Data:
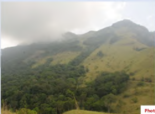
Panoramic view of Muthukuzhivayal Kanyakumari WLS
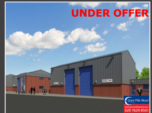
I & J and M & N London Stone Industrial Estate, Battersea, SW8 3QR 1,259 to 10,213 sq ft
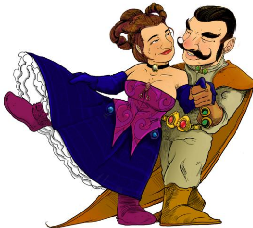
Two gnomes dancing
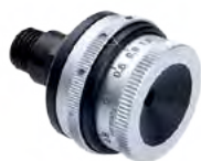
566-S rearsight iris, 6-colour filter
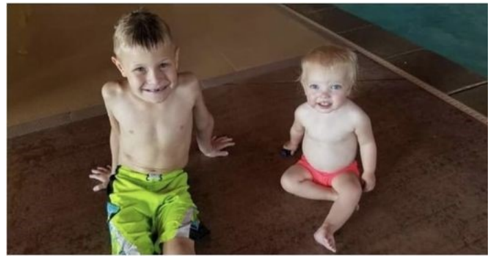
FRI, AUG 13 AT 6 PM CDT Cousins for Causes Iona, MN
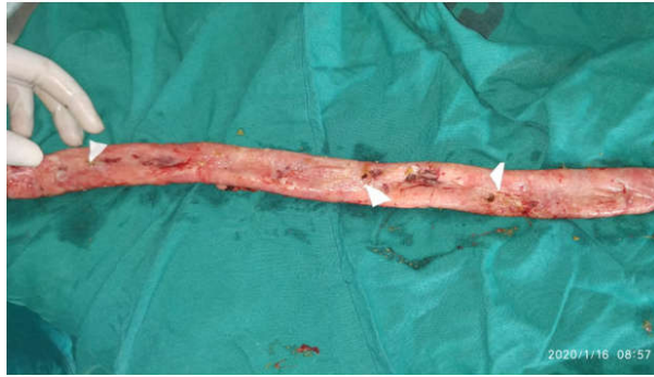
Fig. 2: Picture showing resected segment of ileum with multiple perforations.

general hospital Gulbarga, from October 2018 to January 2020. A thorough history was taken and detailed examination done as per proforma. Investigations included cbc, Serum. Electrolytes, Random blood sugar, Renal function test, Chest x ray, X ray Erect abdomen, USG abdomen, Widal test.
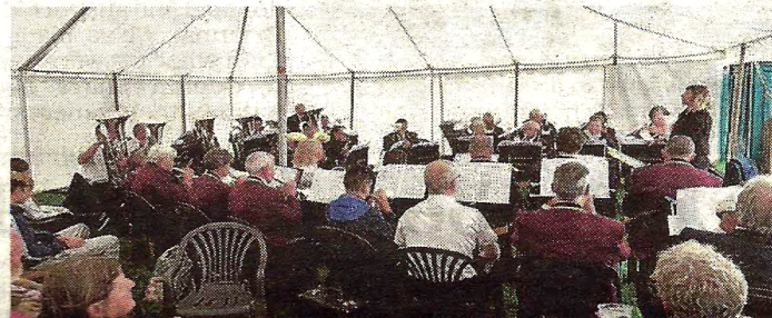
ENTERTAINMENT : Cockermouth Mechanics Band in action

THOUSANDS enjoyed everything that was on offer at Loweswater Show.
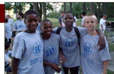
847 Hoops Campers
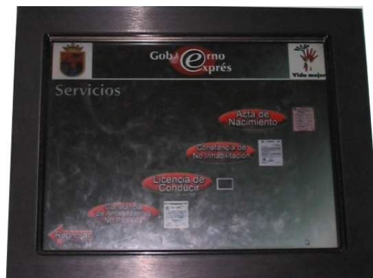
Figure 2: Screenshot ATM Express Government.

the users, dispenser of Vehicle's plates, collection device that receives and gives change in bills and coins of any denomination and detect damaged or false bills and much more. In total, the Express Government ATMs offer 59 fully automated services to the common citizen.
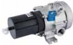
PointWatch Eclipse® IR Combustible Gas Detector
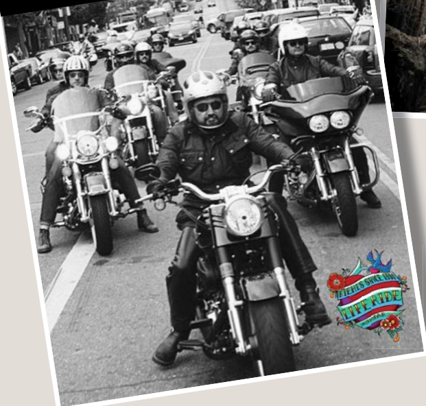
The 2013 crew rides through the streets of the Castro in San Francisco, CA.
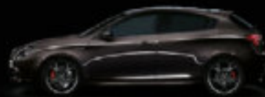
805 - Etna Black
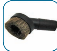
10-0037 3" Round Dust Brush
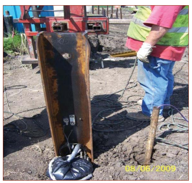
Pore water and lateral earth pressure measurement
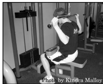
Freeman students hit the weights as part of their physical education classes.

So next time you look at yourself in the mirror and
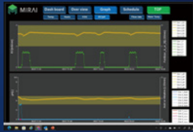
Trend Graph: EC/pH of nutrient solution and fertilizer/pH adjuster input

Activity: Keeping every word as it is, write out all the data and omit the pictures.

Result of this task:
Panoramic view of Muthukuzhivayal Kanyakumari WLS
I & J and M & N London Stone Industrial Estate, Battersea, SW8 3QR 1,259 to 10,213 sq ft
Two gnomes dancing
566-S rearsight iris, 6-colour filter
FRI, AUG 13 AT 6 PM CDT Cousins for Causes Iona, MN
Fig. 2: Picture showing resected segment of ileum with multiple perforations.

general hospital Gulbarga, from October 2018 to January 2020. A thorough history was taken and detailed examination done as per proforma. Investigations included cbc, Serum. Electrolytes, Random blood sugar, Renal function test, Chest x ray, X ray Erect abdomen, USG abdomen, Widal test.
ENTERTAINMENT : Cockermouth Mechanics Band in action

THOUSANDS enjoyed everything that was on offer at Loweswater Show.
847 Hoops Campers
Figure 2: Screenshot ATM Express Government.

the users, dispenser of Vehicle's plates, collection device that receives and gives change in bills and coins of any denomination and detect damaged or false bills and much more. In total, the Express Government ATMs offer 59 fully automated services to the common citizen.
PointWatch Eclipse® IR Combustible Gas Detector
The 2013 crew rides through the streets of the Castro in San Francisco, CA.
805 - Etna Black
10-0037 3" Round Dust Brush
Pore water and lateral earth pressure measurement
Freeman students hit the weights as part of their physical education classes.

So next time you look at yourself in the mirror and
Trend Graph: EC/pH of nutrient solution and fertilizer/pH adjuster input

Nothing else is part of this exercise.